# Apparent Frequency (Doppler) Problem

1. Feb 25, 2009

### wallace13

The security alarm on a parked car goes off and produces a frequency of 952 Hz. The speed of sound is 343 m/s. As you drive toward this parked car, pass it, and drive away, you observe the frequency to change by 97 Hz. At what speed are you driving?

F=Fo [(Vsound- Vobserver)/(Vsound-Vsource)]

(952-97)=855

855= 952 [(343-V)/(343-0)]

V= 34.9485 m/s

2. Feb 25, 2009

### Sonolum

I think you're maybe missing a part of the problem...

On your approach, is the frequency is higher, or lower? What about when you're going away from the source?

So, if you notice a difference of 97 Hz, what is it the difference of - the frequencies heard at which points in your travel? What are your velocities during these times, in relation to the source?

3. Feb 25, 2009

### wallace13

The question only asks for one speed, and I added the 97 and subtracted 97 and it was still wrong.

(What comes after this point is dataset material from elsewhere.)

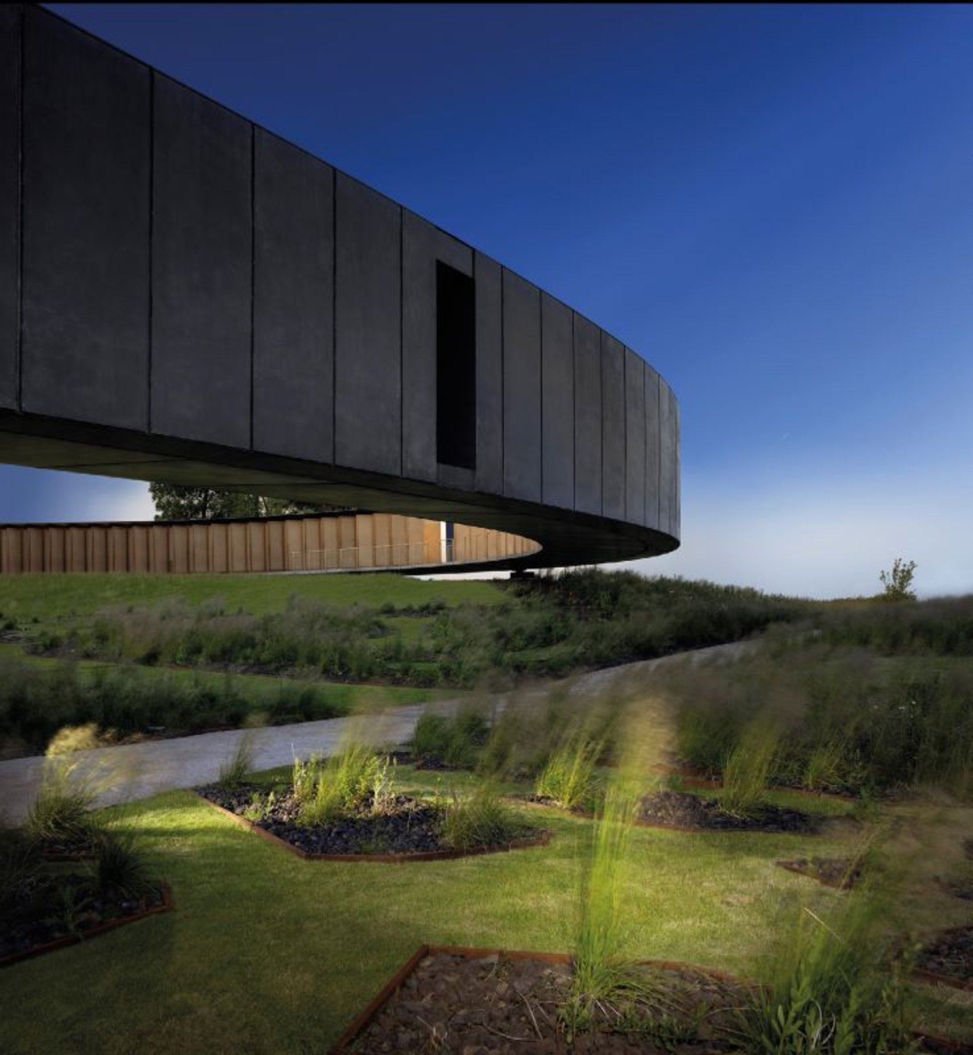 Vue extérieure de L’Anneau de la Mémoire – Mémorial international Notre-Dame-de-Lorette, à Ablain-Saint-Nazaire (Pas-de-Calais).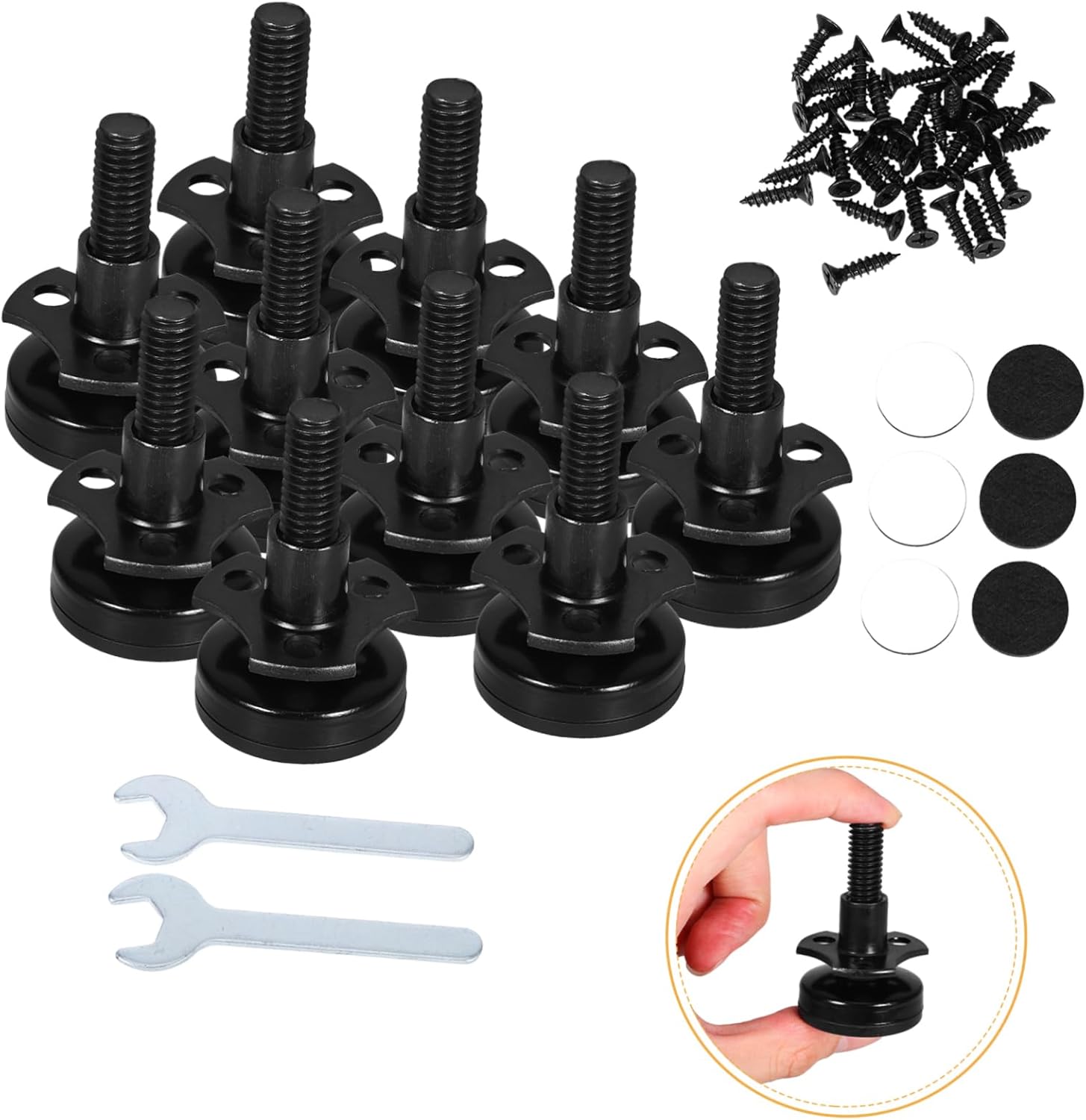 Package List 12 x furniture levelers 12 x gasket 2 x wrench 36 x screw Characteristics -Size:3.50X3.50X1.70cm/1.38X1.38X0.67in (Size nut) adjustable chair legs leveling feet -Size:5.50X3.40X3.40cm/2.16X1.34X1.34in (Size leveling feet) furniture leveling feet screw -Universal compatibility: these adjustable feet are highly compatible and suitable for various furniture bases, allowing for quick installation and adjustment furniture leveling leg -Size:10.00X2.90X0.30cm/3.93X1.14X0.12in (Size wrench) furniture feet levelers -Thread diameter: 4 mm threaded furniture leveling foot -Color:Black self leveling furniture feet -Size:3.50X3.50X0.35cm/1.38X1.38X0.14in (Size gasket) adjustable feet for furniture -Sturdy support: the triangular nut design ensures stable support, easily handling uneven floors and keeping your furniture furniture height adjustable feet -Thread: 3/8"-16 furniture leg levelers -Material:Iron furniture leveling foot -Durable materials: made from materials, these leveling feet are wear resistant and durable, ensuring long term use and extending the life of your furniture threaded furniture feetGoods Descriptionadjustable self leveling furniture feet Designed to provide stability and balance, these adjustable furniture leveling feet feature a triangular nut and threaded screw mechanism.heavy duty adjustable leveling feet Their sleek design ensures compatibility with various furniture styles, while the durable construction makes them ideal for uneven surfaces, a practical solution for maintaining furniture alignment

And its when you are moving away from the parked car, so wouldn't it be subtracted, anyway? And you're solving for the velocity when you're moving away.

So all in all, I have no idea what you just said

4. Feb 25, 2009

### Sonolum

Okay, let me try again...

What's the frequency when you're aproaching the siren? What's the frequency when you're going away from it? The difference in frequency should be between these two numbers, I think...

Basically, try for something like [ F(approaching) - F(going away) ] = 97 Hz

5. Mar 5, 2009

### miasu

Okay, since 97 is the difference for approaching AND moving away from the car, you only want half the distance. That should solve you problem :)

(Just divide the answer you got by 2)